C++20 mutex with atomic wait [closed]

Closed. This question is opinion-based. It is not currently accepting answers.
Want to improve this question? Update the question so it can be answered with facts and citations by editing this post.
Closed 8 months ago.
Improve this question
From C++20 std::atomics have wait and notify operations. With is_always_lock_free we can ensure that the implementation is lock free. With these bricks building a lock-free mutex is not so difficult. In trivial cases locking would be a compare exchange operation, or a wait if the mutex is locked. The big question here is if it is worth it or not. If I can create such an implementation most probably the STL version is much better and faster. However I still remember how surprised I was when I saw how QMutex outperformed std::mutex QMutex vs std::mutex in 2016. So what do you think, should I experiment with such an implementation or the current implementation of std::mutex is matured enough to be optimized far beyond these tricks?
UPDATE
My wording wasn't the best, I mean that the implementation could be lock free on the happy path (locking from not locked state). Of course we should be blocked and re-scheduled if we need to wait to acquire the lock. Most probably atomic::wait is not implemented by a simple spinlock on most of the platforms (let's ignore the corner cases now), so basically it achieves the very same thing mutex::lock does. So basically if I implement such a class it would do exactly the same std::mutex does (again on most of the popular platforms). It means that STL could use the same tricks in their mutex implementations on the platforms that support these tricks. Like this spinlock, but I would use atomic wait instead of spinning. Should I trust my STL implementation that they did so?

A lock-free mutex is a contradiction.
You can build a lock out of lock-free building-blocks, and in fact that's the normal thing to do whether it's hand-written in asm or with std::atomic.

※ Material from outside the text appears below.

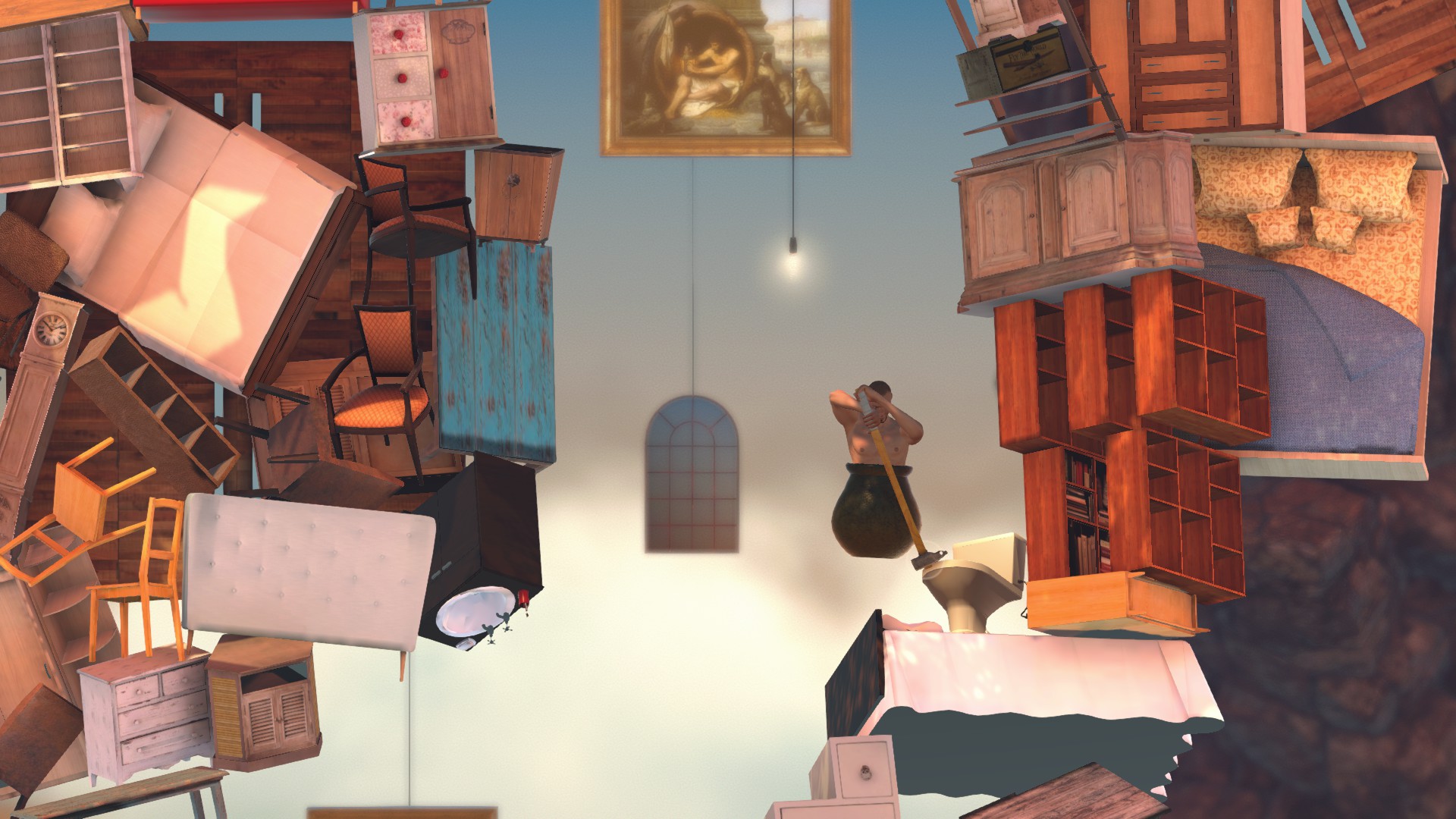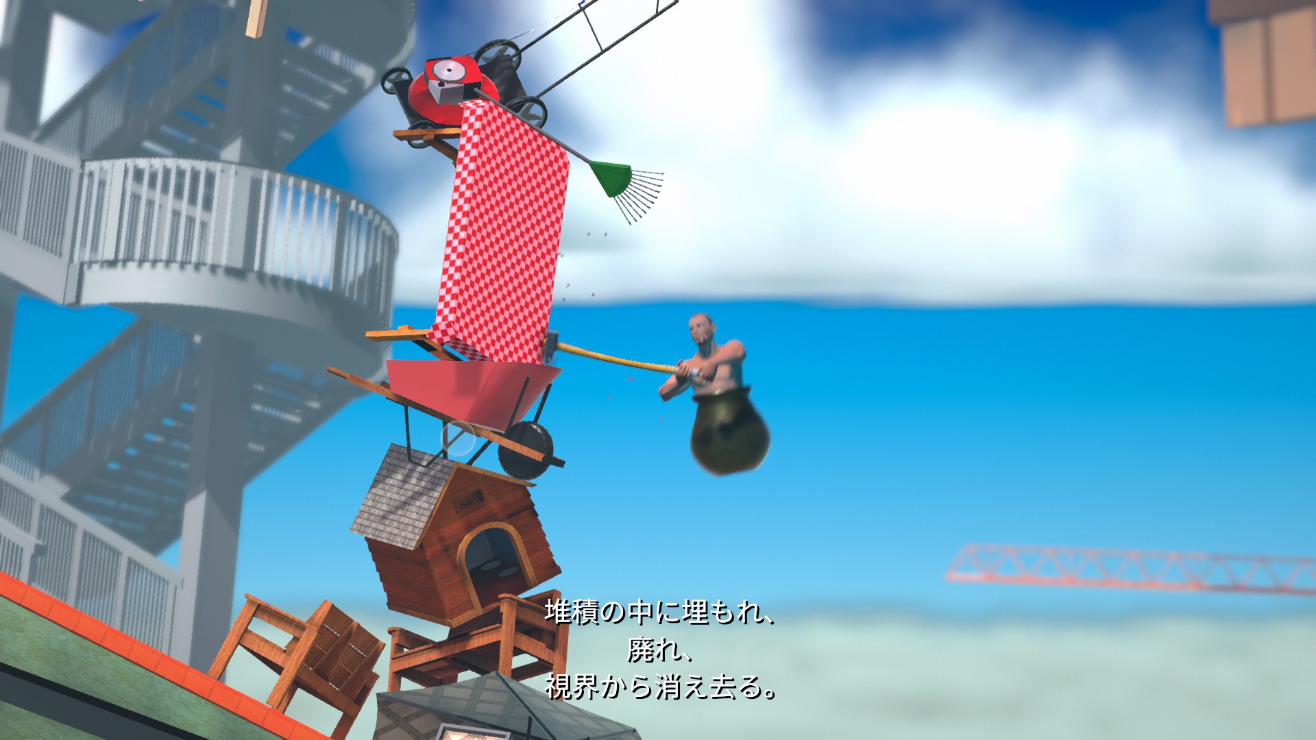 途中の台から穴を飛び越えて、そびえ立つ道具の山へ。
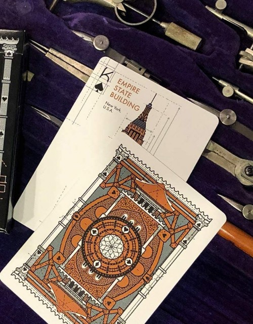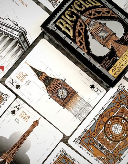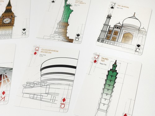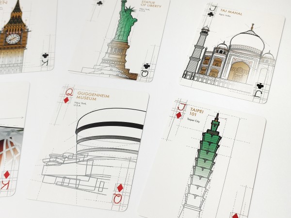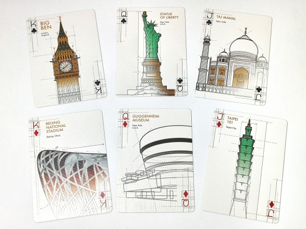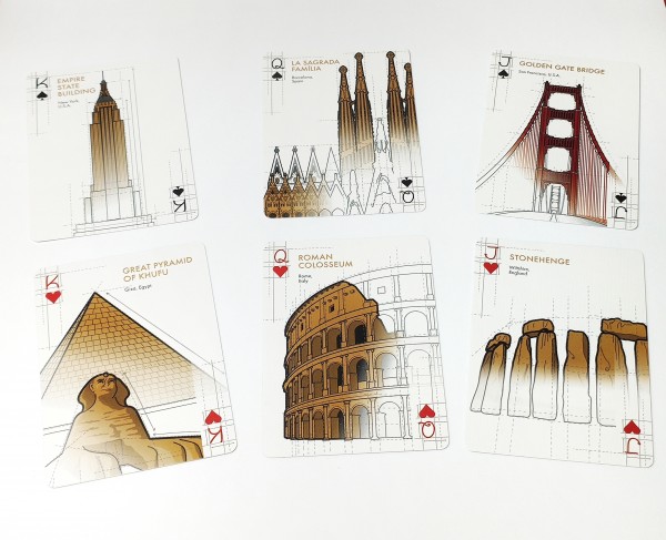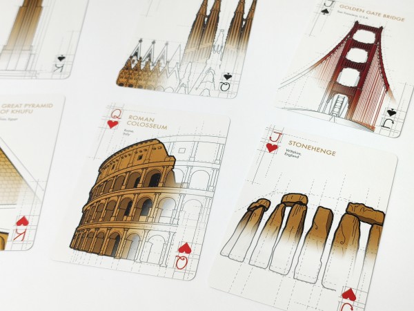 54 hand illustrated architectural marvels from across the globe, custom Ace of Spades and unique card back design.

But the overall locking algorithm is by definition not lock-free. (https://en.wikipedia.org/wiki/Non-blocking_algorithm). The entire point is to stop other threads from making forward progress while one thread is in the critical section, even if it unfortunately sleeps while it's there.
I mean that the implementation could be lock free on the happy path (locking from not locked state)
std::mutex::lock() is that way too: it doesn't block if it doesn't have to! It might need to make a system call like futex(FUTEX_WAIT_PRIVATE) if there's a thread waiting for the lock. But so does an implementation that used std::notify.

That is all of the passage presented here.